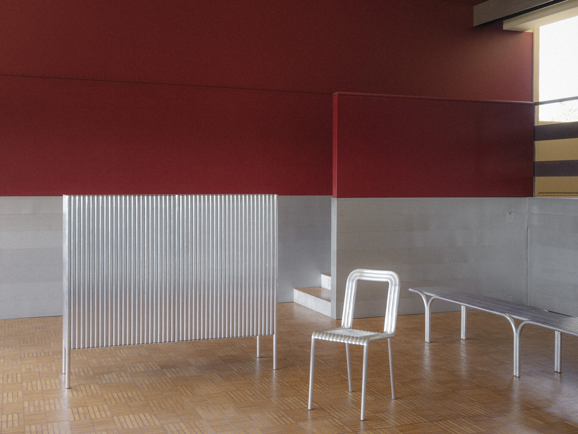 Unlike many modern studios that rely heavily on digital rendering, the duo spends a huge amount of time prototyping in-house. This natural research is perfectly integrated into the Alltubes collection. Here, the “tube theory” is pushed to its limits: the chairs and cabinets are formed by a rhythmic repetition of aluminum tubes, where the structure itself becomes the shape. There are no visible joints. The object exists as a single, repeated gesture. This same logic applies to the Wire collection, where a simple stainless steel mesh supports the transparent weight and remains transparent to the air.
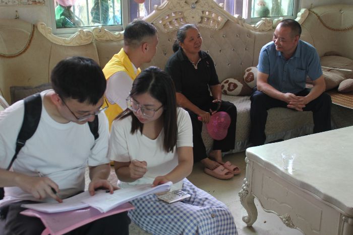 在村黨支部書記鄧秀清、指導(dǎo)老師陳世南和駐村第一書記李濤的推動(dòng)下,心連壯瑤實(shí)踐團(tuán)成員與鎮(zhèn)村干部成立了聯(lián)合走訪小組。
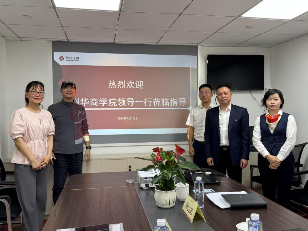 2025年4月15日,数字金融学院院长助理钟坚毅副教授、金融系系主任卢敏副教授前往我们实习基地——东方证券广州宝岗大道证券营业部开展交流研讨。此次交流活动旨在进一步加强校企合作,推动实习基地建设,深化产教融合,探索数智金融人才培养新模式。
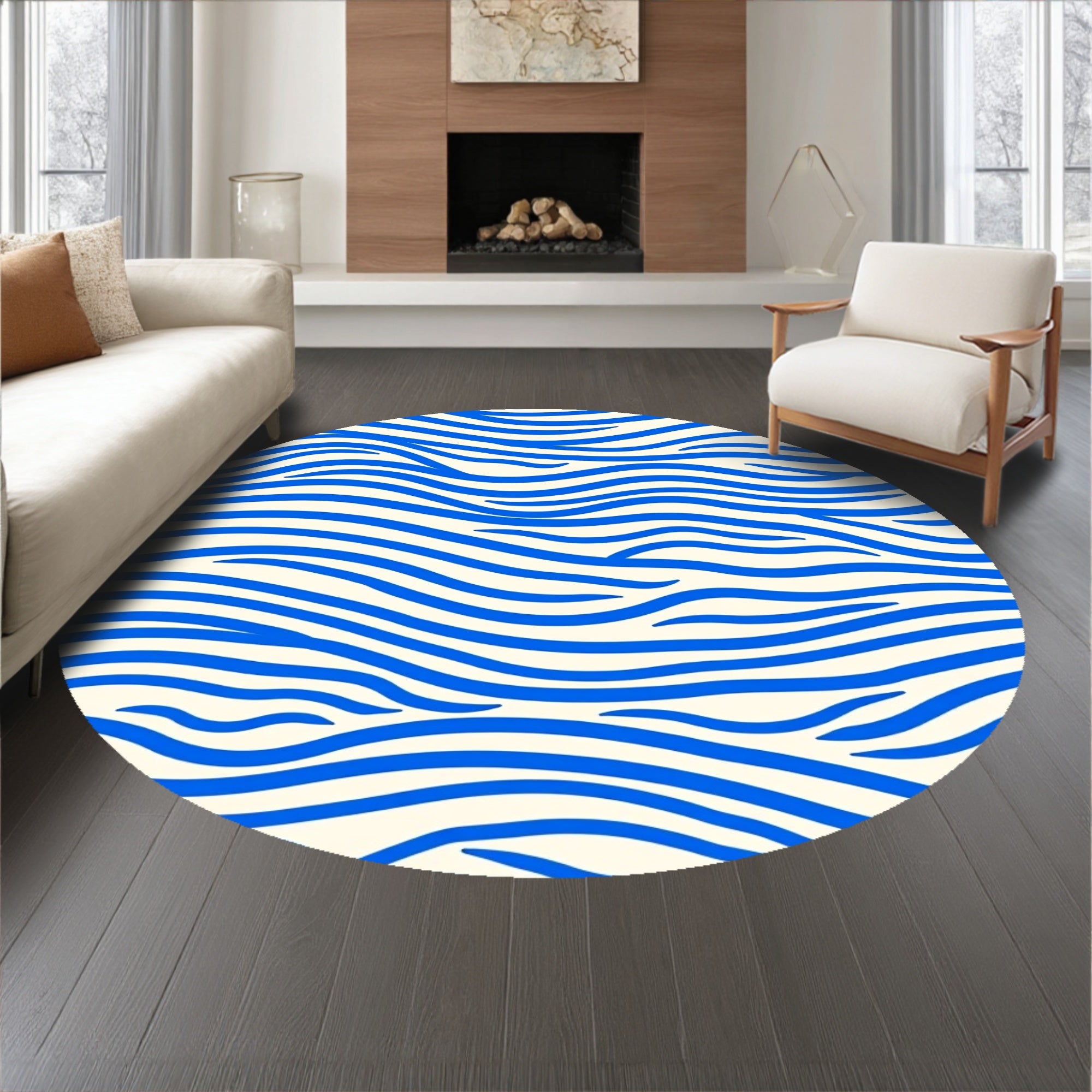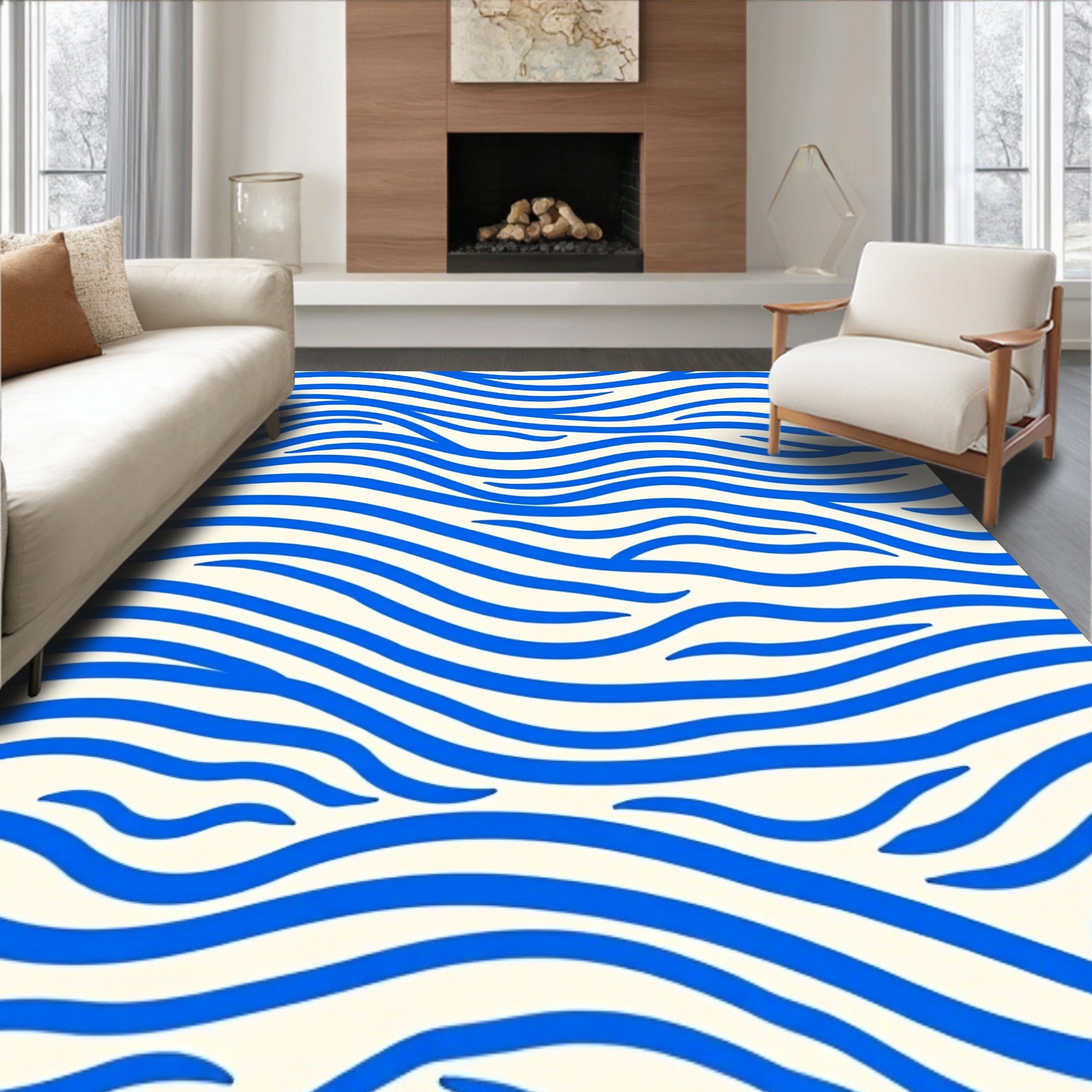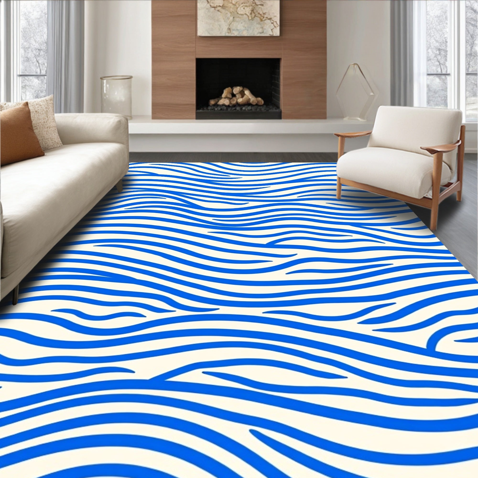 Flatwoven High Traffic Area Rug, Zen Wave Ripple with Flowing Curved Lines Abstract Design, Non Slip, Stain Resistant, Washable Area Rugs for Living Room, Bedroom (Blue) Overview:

# [EXERCISE BRIEF]
Your copy should start at the line with "在村黨支部書記鄧秀清、指導(dǎo)老師", stop at the last line of the listing above, match exactly, and contain no pictures.

# [SOLUTION]
 在村黨支部書記鄧秀清、指導(dǎo)老師陳世南和駐村第一書記李濤的推動(dòng)下,心連壯瑤實(shí)踐團(tuán)成員與鎮(zhèn)村干部成立了聯(lián)合走訪小組。
 2025年4月15日,数字金融学院院长助理钟坚毅副教授、金融系系主任卢敏副教授前往我们实习基地——东方证券广州宝岗大道证券营业部开展交流研讨。此次交流活动旨在进一步加强校企合作,推动实习基地建设,深化产教融合,探索数智金融人才培养新模式。
 Flatwoven High Traffic Area Rug, Zen Wave Ripple with Flowing Curved Lines Abstract Design, Non Slip, Stain Resistant, Washable Area Rugs for Living Room, Bedroom (Blue) Overview:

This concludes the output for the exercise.